Data block =>
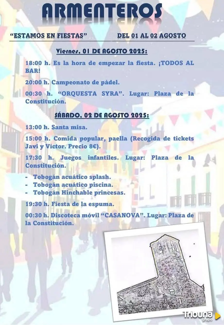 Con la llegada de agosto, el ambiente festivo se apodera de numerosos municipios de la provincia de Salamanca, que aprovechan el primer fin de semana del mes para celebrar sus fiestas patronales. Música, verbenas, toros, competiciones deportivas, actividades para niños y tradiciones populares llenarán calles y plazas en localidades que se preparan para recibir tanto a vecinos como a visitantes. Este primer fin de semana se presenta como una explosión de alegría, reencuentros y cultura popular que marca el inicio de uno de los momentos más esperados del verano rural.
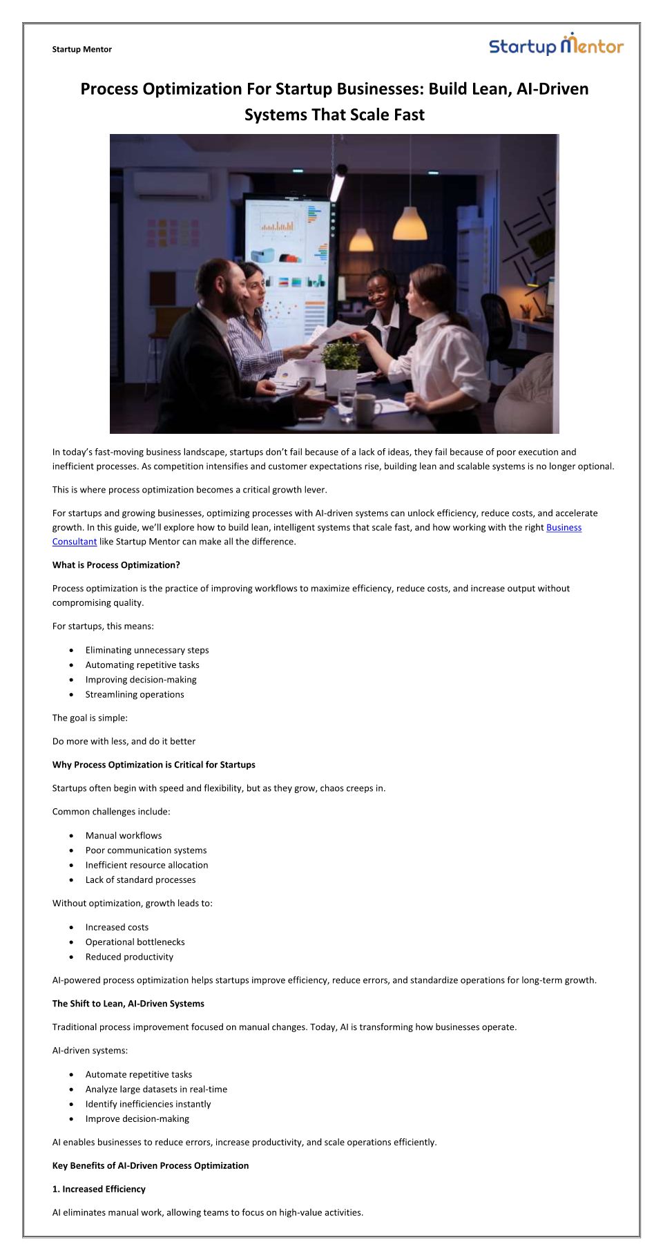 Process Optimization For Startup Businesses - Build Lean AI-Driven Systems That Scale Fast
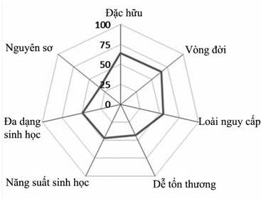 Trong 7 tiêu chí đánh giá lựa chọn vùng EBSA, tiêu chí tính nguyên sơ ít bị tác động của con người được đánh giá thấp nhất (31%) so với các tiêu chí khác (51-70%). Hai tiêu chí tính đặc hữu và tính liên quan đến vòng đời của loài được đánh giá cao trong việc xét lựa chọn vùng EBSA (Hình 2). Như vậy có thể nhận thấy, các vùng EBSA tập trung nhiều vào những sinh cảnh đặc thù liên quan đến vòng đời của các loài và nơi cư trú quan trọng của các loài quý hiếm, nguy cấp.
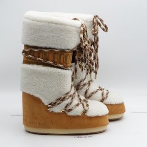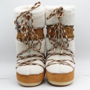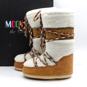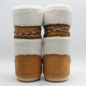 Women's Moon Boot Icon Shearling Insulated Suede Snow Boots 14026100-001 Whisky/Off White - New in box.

Task item =>
Restating the data word for word is the task, and pictures are to be omitted.

Expected answer =>
 Con la llegada de agosto, el ambiente festivo se apodera de numerosos municipios de la provincia de Salamanca, que aprovechan el primer fin de semana del mes para celebrar sus fiestas patronales. Música, verbenas, toros, competiciones deportivas, actividades para niños y tradiciones populares llenarán calles y plazas en localidades que se preparan para recibir tanto a vecinos como a visitantes. Este primer fin de semana se presenta como una explosión de alegría, reencuentros y cultura popular que marca el inicio de uno de los momentos más esperados del verano rural.
 Process Optimization For Startup Businesses - Build Lean AI-Driven Systems That Scale Fast
 Trong 7 tiêu chí đánh giá lựa chọn vùng EBSA, tiêu chí tính nguyên sơ ít bị tác động của con người được đánh giá thấp nhất (31%) so với các tiêu chí khác (51-70%). Hai tiêu chí tính đặc hữu và tính liên quan đến vòng đời của loài được đánh giá cao trong việc xét lựa chọn vùng EBSA (Hình 2). Như vậy có thể nhận thấy, các vùng EBSA tập trung nhiều vào những sinh cảnh đặc thù liên quan đến vòng đời của các loài và nơi cư trú quan trọng của các loài quý hiếm, nguy cấp.
 Women's Moon Boot Icon Shearling Insulated Suede Snow Boots 14026100-001 Whisky/Off White - New in box.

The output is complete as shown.